I ducked back inside. ‘Stand by your flag.’
Ava unrolled the small American flag Pan Am co-pilots place outside on a stanchion after landing, after the tradition of a ship arriving in port. Only this time we weren’t arriving, we were departing, and the flag would be Creeley’s signal to hit full throttle.
I said to her, ‘Things are going to get noisy real soon, so here’s the deal, when-’
‘When you call for flaps I keep my finger on the solenoid so they’ll keep deploying without stopping, got it, got it, GOT IT. You told me that hundred times already.’
‘Just want to be sure.’
She tapped the flag against her palm and then looked over at me.
‘Didn’t mean to yell at you like that.’
‘That’s okay, you’re fired.’ She grinned. ‘Just like that?’
‘It’s the Pan Am way. No second chance with insubordination.’
‘All along I thought Hollywood was bad.’
‘Juan Trippe makes Jack Warner look like Mother Goose.’ I said.
‘That I’d like to see.’
‘If we get through this in one piece, we will.’
Don’t ask me why I said that, I just imagined the two of us doing something other than running for our lives, and I liked the thought. But it lasted about as long as a firefly’s flash as the task at hand came rushing back.

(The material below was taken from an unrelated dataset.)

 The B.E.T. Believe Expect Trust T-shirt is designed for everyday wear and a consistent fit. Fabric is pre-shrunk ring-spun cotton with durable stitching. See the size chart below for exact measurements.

‘Pilot to crew, prepare for takeoff.’
Mason, Ziggy, Orlando and Ava dutifully answered in turn, and I almost laughed at my idea of a ‘crew,’ but it wasn’t funny, it was scary.
Ava and I went through the engine sequence start, and two minutes later, with magneto checks accomplished, all four engines were turning over sweetly, sending a vibration through the plane much the same as a heartbeat does in a human being. Instruments in the green, pre-flight check done, I flexed my fingers for a brief second before closing them over the throttles.
‘Stand by,’ I said.
Ava sat up straight. ‘Standing by.’
I slowly advanced the throttles. But instead of moving gracefully away from the dock, the clipper sat there, tied to it with the strong manila line leading back from Orlando’s gun station to the dock.

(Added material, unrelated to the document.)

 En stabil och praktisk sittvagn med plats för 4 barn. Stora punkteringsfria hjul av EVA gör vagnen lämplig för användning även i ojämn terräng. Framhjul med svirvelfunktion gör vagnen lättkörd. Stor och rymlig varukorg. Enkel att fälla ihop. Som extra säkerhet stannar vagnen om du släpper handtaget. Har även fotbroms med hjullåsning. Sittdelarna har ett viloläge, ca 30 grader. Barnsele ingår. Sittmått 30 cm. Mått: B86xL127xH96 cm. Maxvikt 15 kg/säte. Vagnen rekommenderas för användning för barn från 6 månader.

‘Waist gunner, line status,’ I said over the increasing engine roar.
‘Holding steady,’ Orlando said.
‘Ready close cowl flaps fifty.’ Mason said. ‘Standing by.’
The cylinder head temperatures were rising fast. The plane wasn’t designed to be held back on a leash like a straining greyhound and her engines were showing the strain. The small flaps encircling the streamlined engine cowls were doing their best to let air in to cool down the cylinders. But once we started our takeoff run, they would add drag unless we closed them partway.